Share your dilemmas and get honest opinions from other Mumsnetters.

Poor Kids

559 replies

NearlySpring · 07/06/2011 23:08

Documentary on BBC1 now.

Sat here in tears watching this show following children living in poverty.

One woman, with 3 young girls all under 8. Her partner left her alone and she is struggling with money. The girls were given a sausage roll each for dinner. They are let out to play on a building site and derelict houses- where the he'll is the mother? Mother comes on saying how she can't cope financially- kids saying they have to miss meals as mummy can't always afford food. Next scene, mother has acrylic nails and a massive dog!

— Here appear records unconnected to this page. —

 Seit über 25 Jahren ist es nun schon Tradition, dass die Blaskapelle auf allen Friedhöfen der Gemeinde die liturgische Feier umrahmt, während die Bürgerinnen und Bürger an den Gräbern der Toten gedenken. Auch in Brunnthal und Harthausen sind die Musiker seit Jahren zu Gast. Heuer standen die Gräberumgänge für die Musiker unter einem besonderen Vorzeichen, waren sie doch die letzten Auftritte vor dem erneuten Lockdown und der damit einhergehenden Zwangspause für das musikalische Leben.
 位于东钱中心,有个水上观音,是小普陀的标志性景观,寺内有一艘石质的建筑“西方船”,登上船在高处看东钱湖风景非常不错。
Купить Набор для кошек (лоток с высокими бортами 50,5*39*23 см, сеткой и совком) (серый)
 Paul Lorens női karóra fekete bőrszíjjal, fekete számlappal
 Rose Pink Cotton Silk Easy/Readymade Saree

AIBU to ask if she can't afford to feed her kids basic cheap meals how the he'll does she feed a massive dog that is bigger than her 3 kids put together!

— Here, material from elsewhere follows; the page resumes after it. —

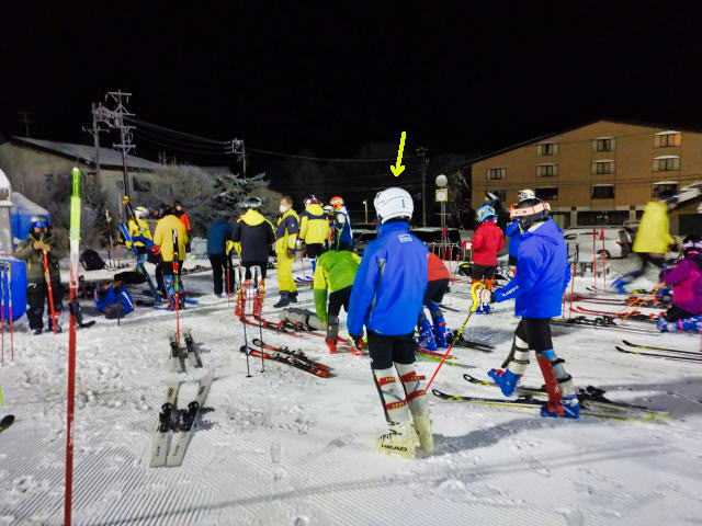 +大松ゲレンデのホワイトピーク下部で、8:30〜10:30(SL),12:30〜14:30(GS)の2コマの練習。

It must be terrible to be in that situation but surely you get your priorities straight. Who has a pet if they have no money?!!

OP posts:
uselesscamhs · 08/06/2011 12:58

wordfactory seems like a fundamental design flaw? that no amount of re-decorating, furnishings, plants etc would solve. I just feel for the hundreds of other men, women and children still living in those dreadful blocks.

Thingumy · 08/06/2011 12:59

I wouldn't want to be without a washing machine if I had 3 kids and nowhere to dry the clothes or hardly any heating to dry.

social fund here

wordfactory · 08/06/2011 13:02

useless ...definitely a design flaw. I cannot believe how it has taken so long to pull those blocks down.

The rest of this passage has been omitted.